À ses yeux, même lorsqu’on lui présente des choix, les adultes manifestent très peu d’égards pour son avis et ses intérêts. « C’est parce qu’ils t’offrent rien que deux choix puis tu choisis en dedans de ça. Soit que tu le fais, ou soit que tu manges de la marde. Puis après ça ils viennent te dire que c’est ta décision puis toute » (E).

Très tôt, son expérience de placement est marquée par le sentiment d’avoir été trompée. Lors de son retrait initial du milieu familial, Esther accepte de signer des mesures volontaires pour être placée durant 1 mois; mesures « semi-volontaires », selon elle, car « si je refuse, ils vont me faire passer en Cour » (E). Finalement, son placement initial finit par être étiré d’un an, moyennant deux visites en Cour, puis ensuite, jusqu’à la majorité. « T’arrives pas là à 14 ans puis ils te disent : ‘T’es pognée jusqu’à 18 ans’. […] Ils le font, mais tu sais, comme, progressif.
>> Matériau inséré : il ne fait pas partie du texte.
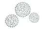 These abstract bowties wall decors are great additions to modern and contemporary homes. This item ships in 1 carton. Feature joined bowtie metal strips creating circular artistic structures. Can be hung vertically using the metal rings on the back; nails and screws not included. Suitable for indoor use only. This item ships fully assembled in one piece. This silver colored wall sculptures comes as a set of 3. Modern style.

En 1 an, ils te donnent un peu d’espoir que tu vas t’en aller, mais tu t’en vas pas » (E).

Le sentiment d’aliénation qu’Esther éprouve en centre d’accueil est exacerbé par ce qu’elle perçoit comme un manque de « sens » (E) dans les mesures de contrôle. Placée dans une unité sécuritaire à cause de ses accès de violence, elle a néanmoins le droit de sortir pour travailler. « Je vivais comme une personne qui était en ouvert, mais sauf que quand j’étais au centre d’accueil, je vivais comme une sécuritaire » (E). Dehors, Esther travaille dans une cuisine « avec des gros couteaux » (E). À l’intérieur du centre, milieu qu’Esther qualifie de « super sécuritaire » (E), « t’as pas le droit à tes lacets, pas le droit à ta ceinture, aucune affaire à cordon; ils te fouillent, puis toute; t’as pas le droit à des rasoirs; toutes les affaires que tu peux te mutiler, te couper, tout ça, en tout cas, t’as pas le droit à ça. Puis là tout est barré » (E).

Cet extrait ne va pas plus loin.